A critic from Sputnikmusic awarded the recording five out of a five stars, calling it "one of the better songs on the album". The reviewer noted Kanal's role in the song's production: "this song wouldn't be that wonderful without him". Another highly positive review came from Marcus Floyd from Renowned for Sound; in his review of the parent record, he called it "another catchy melody and addictive arrangement from the platinum blonde star". Lisa Haines, a music editor and columnist for BBC, was less favorable in her review, opining that "the cheeky upstart charm Madonna sported in the 80s is embraced to shrewd effect" for the track's duration.

== Promotion ==
=== Music video ===

Stefani and the Harajuku Girls dancing on a rooftop in the unreleased music video for "Serious"
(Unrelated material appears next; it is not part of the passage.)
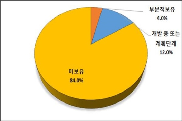 부산상의 조사결과 조사대상 업체 가운데 84%가 전기나 수소차에 대한 기술이 없는 것으로 집계됐다. 기술개발 중이거나 계획하고 있는 기업은 12%, 부분적 보유는 4%에 그쳤으며 기술을 보유하고 있다는 기업은 단 한 곳도 없는 것으로 나타났다.

A music video was produced for the song, but it was never officially released. Stefani's long time collaborator, Sophie Muller, directed the music video during Gwen's first concert tour entitled Harajuku Lovers Tour. A minute long clip of the video surfaced on YouTube on October 13, 2006. At the beginning of the clip, Stefani and her dance troupe, the Harajuku Girls, are shown dancing on various rooftops in a city. The women also appear in front of a yellow building advertisement that reads "Cash Loan" in a red font, followed by "Buy · Sell · Trade" in a green font below. The ladies sport "'80s hairstyles", to which a critic from Spin predicted was in an attempt "to rival some of the best videos from two decades ago". Other parts of the video display the dancers wearing jumpsuits or camouflage outfits; Stefani also wears a denim skirt or a pair of white shorts with a matching tank top. The clip was featured in a list compiled by VH1's Christopher Rosa, titled "8 Amazing Unreleased Music Videos That We Really Need To See". Rosa noted that the video "is now virtually unfindable on the Web", and was disappointed by stating: "We wanted some Madonna realness, Gwen!"

=== Live performances ===
Stefani included the song on the setlist for her 2005 concert tour entitled Harajuku Lovers Tour. The track was performed as a finale/encore alongside "Bubble Pop Electric" during the original setlist of the show, but was performed earlier in later shows as "Hollaback Girl" became the new encore, preceded by "Serious" and the aforementioned song. In the performance, Stefani was carried out in a stretcher by the Harajuku Girls, dressed up as nurses.

== Credits and personnel ==
Personnel

- Gwen Stefani – lead vocals, songwriting
- Lee Groves – keyboards, programming, mixing
- Rob Haggett – assistant engineering, mixing
- Tony Kanal – keyboards, production, programming, synthesizer
- Colin "Dog" Mitchell – additional recording
- Mark "Spike" Stent – producer, mixing
- David Treahearn – assistant engineering, mixing
- Kingsbury Studios, Los Feliz, California – recording location
- The Mix Suite, Olympic Studios, London, England – mixing location

Credits adapted from the liner notes of Love. Angel. Music. Baby.